■ **Instructions to follow**:
Copy the records below exactly as they stand. Leave out the pictures.

►

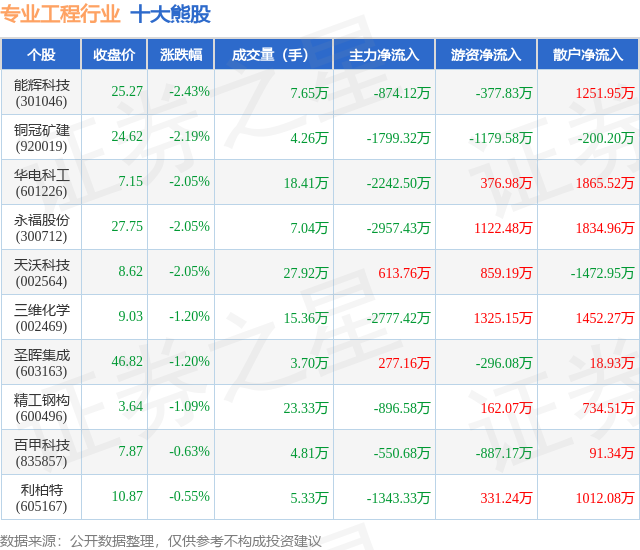 个股表现方面,专业工程行业当日领跌股为能辉科技(301046),该股当日报收25.27,下跌2.43%,成交量7.65万,主力资金净流出874.12万元。铜冠矿建(920019)以下跌2.19%紧随其后,该股当日成交量4.26万,主力资金净流出1799.32万元。除此之外,华电科工(601226)、永福股份(300712)、天沃科技(002564)均进入当日熊股之列。具体个股列表见下表:
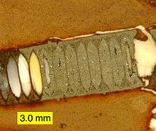 The term diagenesis, literally meaning "across generation",[3] is extensively used in geology. However, this term has filtered into the field of anthropology, archaeology and paleontology to describe the changes and alterations that take place on skeletal (biological) material. Specifically, diagenesis "is the cumulative physical, chemical and biological environment; these processes will modify an organic object's original chemical and/or structural properties and will govern its ultimate fate, in terms of preservation or destruction".[4][5] In order to assess the potential impact of diagenesis on archaeological or fossil bones, many factors need to be assessed, beginning with elemental and mineralogical composition of bone and enveloping soil, as well as the local burial environment (geology, climatology, groundwater).[5]
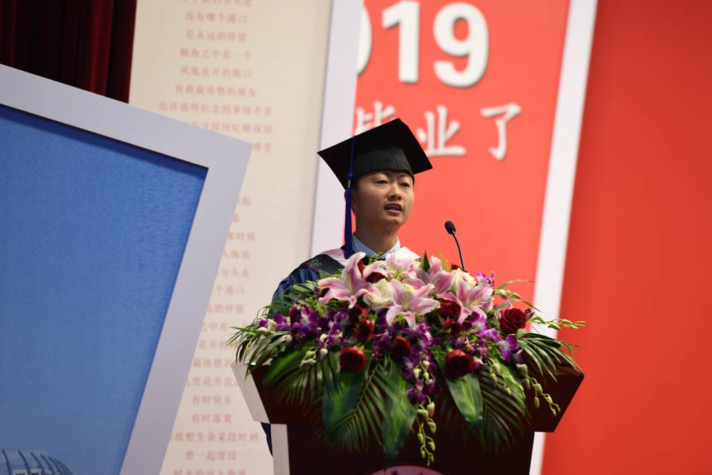 马克思主义学院谭勇、旭日工商管理学院毛佩琦作为毕业生代表发言。谭勇回想起在东华的奋斗时光,表达了对母校悉心栽培的诚挚感谢与衷心祝福,希望毕业生们能够秉承东华校训“崇德博学,砺志尚实”,面对各种诱惑、面对各种困难、面对偶尔孤独的自己,坚持锐意进取、勇往直前。毛佩琦带领毕业生们漫步校园深处,跟着一草一木一建筑,回顾了三年校园生活的点滴足迹,并深情祝福母校桃李万千五洲芬芳。她号召毕业生们要时刻牢记身上东华人的印记,勇往直前,不忘初心,砥砺前行,为国家经济建设和社会进步做出应有的贡献。
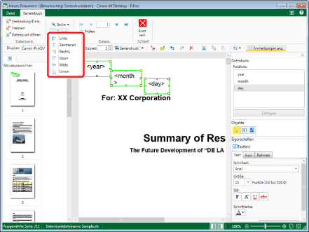Sie können die Position der von Ihnen eingefügten Felder im Modus "Seriendruckeinstellungen" von Desktop Editor ausrichten.
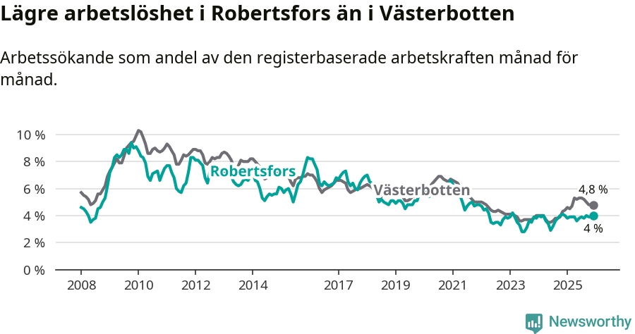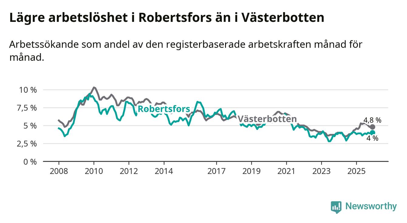 Graf: Arbetslöshet i Robertsfors kommun och Västerbottens län
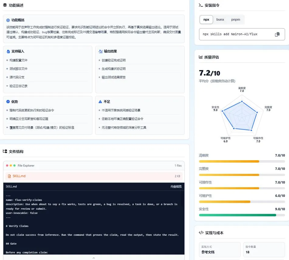 进一步看详细页面(图12),优质的Skill之所以值得参考,并不是因为"内容写得多",而是因为它能让智能体和用户都知道何时调用、如何调用、遇到问题怎么办。这类Skill通常具备几项关键要素:功能描述清晰、问题导向明确、文件结构分层合理,能够区分主说明、脚本、参考资料和模板资产;同时清楚交代外部服务、依赖、权限、错误回滚与审计要求,并对敏感数据和隐私处理给出明确边界。这类Skill更接近真正可集成的生产单元。
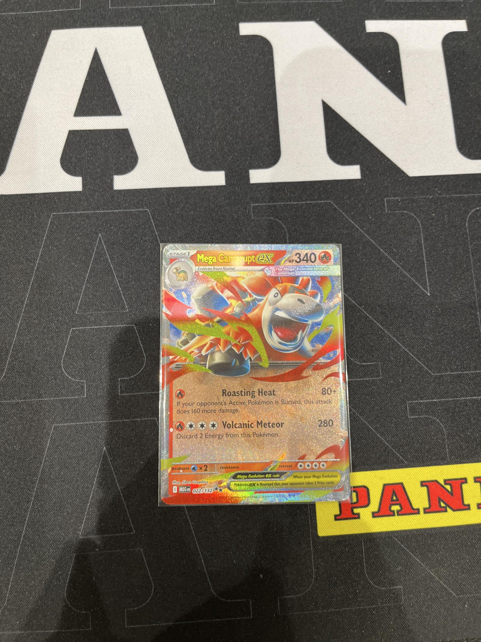 This listing features a raw, ungraded Mega Camerupt EX Full Art Holo Rare from the XY set, card number 022/132. Showcasing impressive artwork by 5ban Graphics, the card boasts a vibrant full-art holographic finish that makes it a standout in any collection. With a substantial 340 HP and powerful attacks—Roasting Heat (which can deal up to 240 damage if your opponent's Pokémon is Burned) and Volcanic Meteor (a massive 280 damage)—this card is both eye-catching and formidable in battle settings.
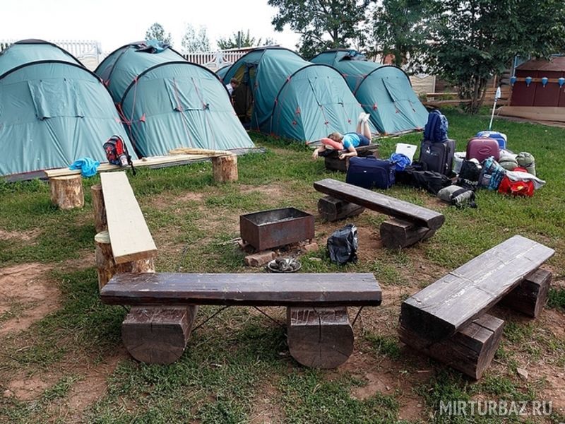Палаточный городок оборудован розетками 220 вольт, летними умывальниками, благоустроенными туалетами, а также есть горячий душ.
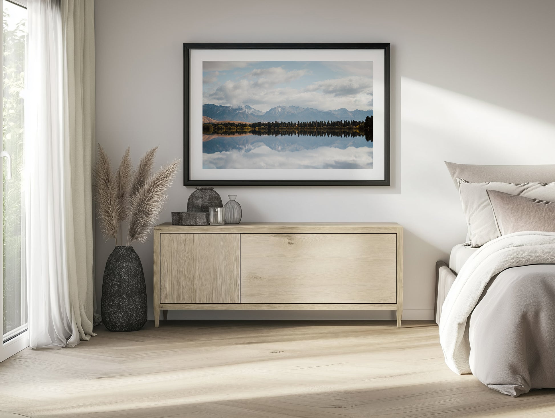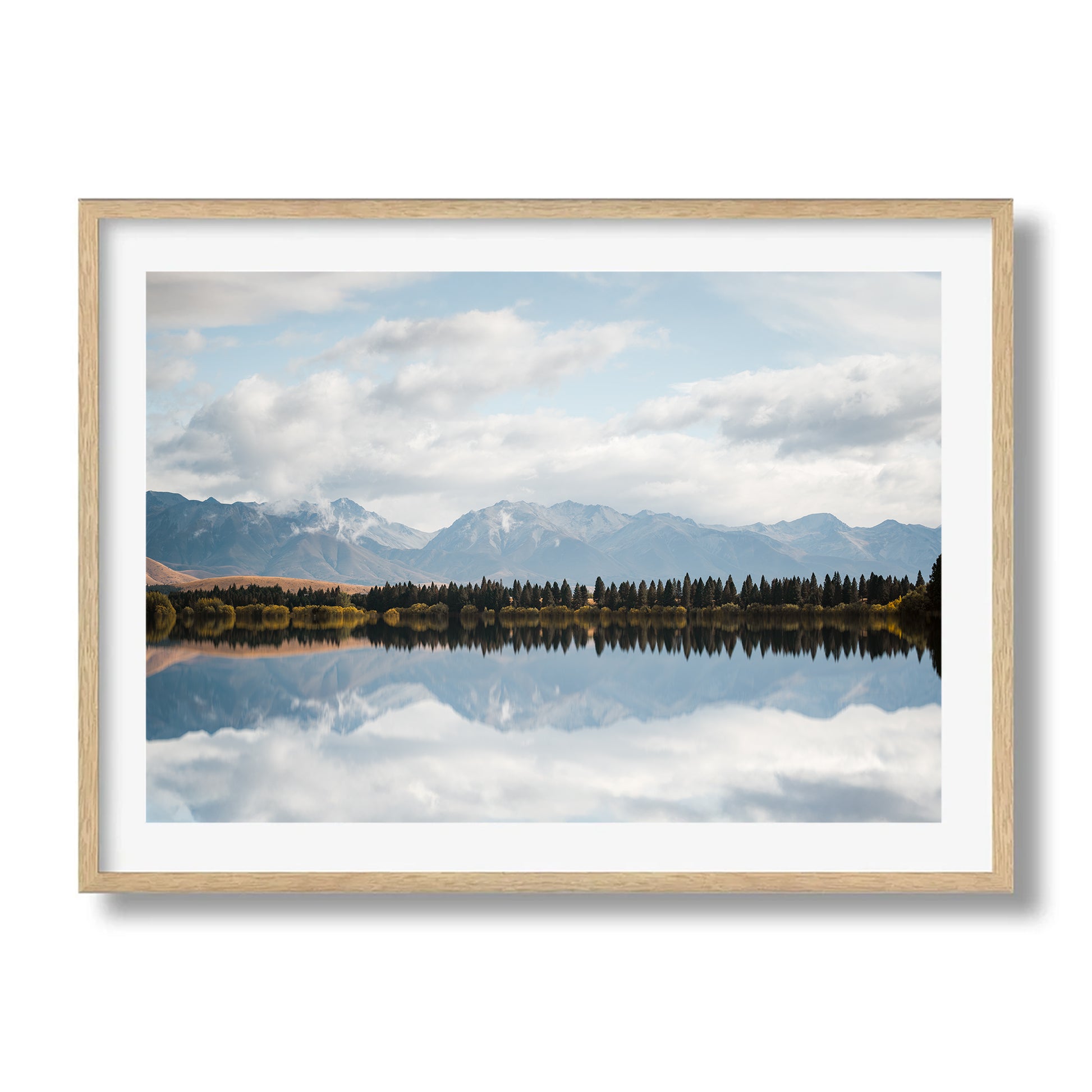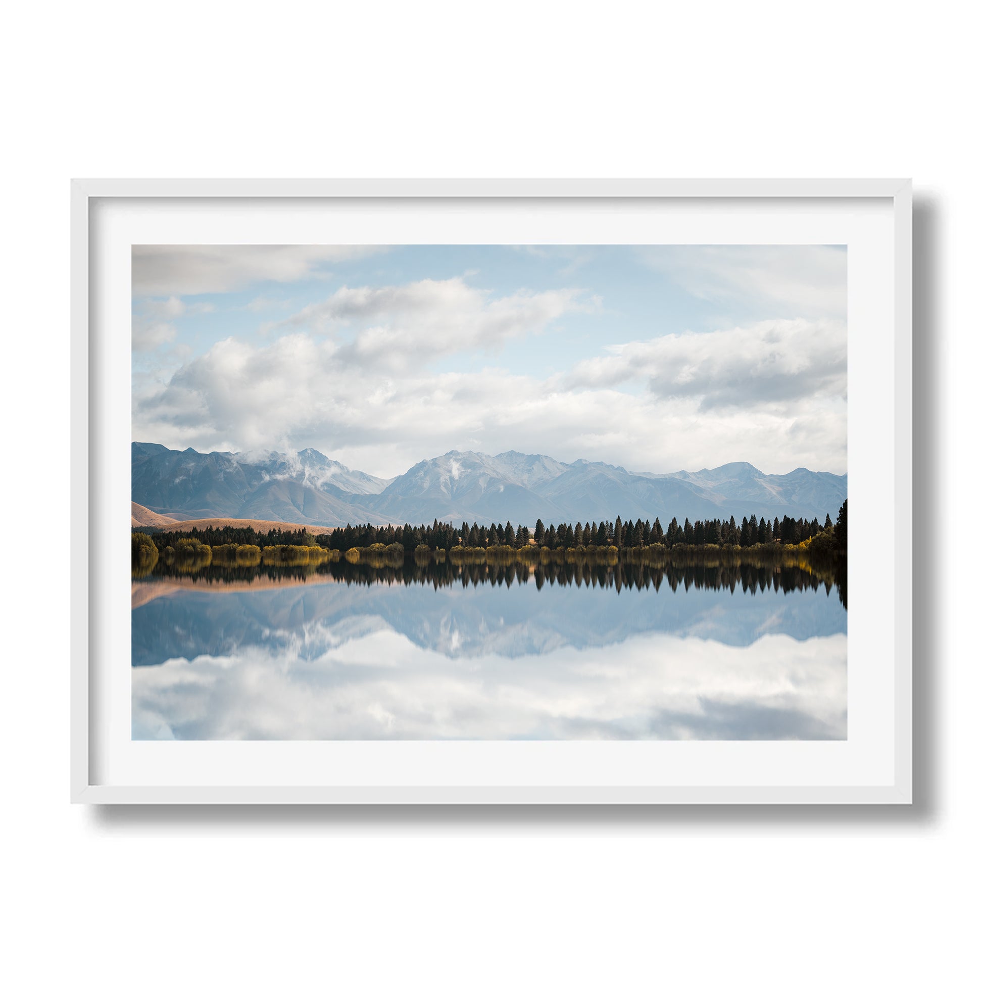 A serene alpine scene where still waters mirror pine trees and distant snow-capped peaks. A peaceful moment from New Zealand’s high country, captured in perfect balance.

◄

■ **Exercise response**:
 个股表现方面,专业工程行业当日领跌股为能辉科技(301046),该股当日报收25.27,下跌2.43%,成交量7.65万,主力资金净流出874.12万元。铜冠矿建(920019)以下跌2.19%紧随其后,该股当日成交量4.26万,主力资金净流出1799.32万元。除此之外,华电科工(601226)、永福股份(300712)、天沃科技(002564)均进入当日熊股之列。具体个股列表见下表:
 The term diagenesis, literally meaning "across generation",[3] is extensively used in geology. However, this term has filtered into the field of anthropology, archaeology and paleontology to describe the changes and alterations that take place on skeletal (biological) material. Specifically, diagenesis "is the cumulative physical, chemical and biological environment; these processes will modify an organic object's original chemical and/or structural properties and will govern its ultimate fate, in terms of preservation or destruction".[4][5] In order to assess the potential impact of diagenesis on archaeological or fossil bones, many factors need to be assessed, beginning with elemental and mineralogical composition of bone and enveloping soil, as well as the local burial environment (geology, climatology, groundwater).[5]
 马克思主义学院谭勇、旭日工商管理学院毛佩琦作为毕业生代表发言。谭勇回想起在东华的奋斗时光,表达了对母校悉心栽培的诚挚感谢与衷心祝福,希望毕业生们能够秉承东华校训“崇德博学,砺志尚实”,面对各种诱惑、面对各种困难、面对偶尔孤独的自己,坚持锐意进取、勇往直前。毛佩琦带领毕业生们漫步校园深处,跟着一草一木一建筑,回顾了三年校园生活的点滴足迹,并深情祝福母校桃李万千五洲芬芳。她号召毕业生们要时刻牢记身上东华人的印记,勇往直前,不忘初心,砥砺前行,为国家经济建设和社会进步做出应有的贡献。
Sie können die Position der von Ihnen eingefügten Felder im Modus "Seriendruckeinstellungen" von Desktop Editor ausrichten.
 Graf: Arbetslöshet i Robertsfors kommun och Västerbottens län
 进一步看详细页面(图12),优质的Skill之所以值得参考,并不是因为"内容写得多",而是因为它能让智能体和用户都知道何时调用、如何调用、遇到问题怎么办。这类Skill通常具备几项关键要素:功能描述清晰、问题导向明确、文件结构分层合理,能够区分主说明、脚本、参考资料和模板资产;同时清楚交代外部服务、依赖、权限、错误回滚与审计要求,并对敏感数据和隐私处理给出明确边界。这类Skill更接近真正可集成的生产单元。
 This listing features a raw, ungraded Mega Camerupt EX Full Art Holo Rare from the XY set, card number 022/132. Showcasing impressive artwork by 5ban Graphics, the card boasts a vibrant full-art holographic finish that makes it a standout in any collection. With a substantial 340 HP and powerful attacks—Roasting Heat (which can deal up to 240 damage if your opponent's Pokémon is Burned) and Volcanic Meteor (a massive 280 damage)—this card is both eye-catching and formidable in battle settings.
Палаточный городок оборудован розетками 220 вольт, летними умывальниками, благоустроенными туалетами, а также есть горячий душ.
 A serene alpine scene where still waters mirror pine trees and distant snow-capped peaks. A peaceful moment from New Zealand’s high country, captured in perfect balance.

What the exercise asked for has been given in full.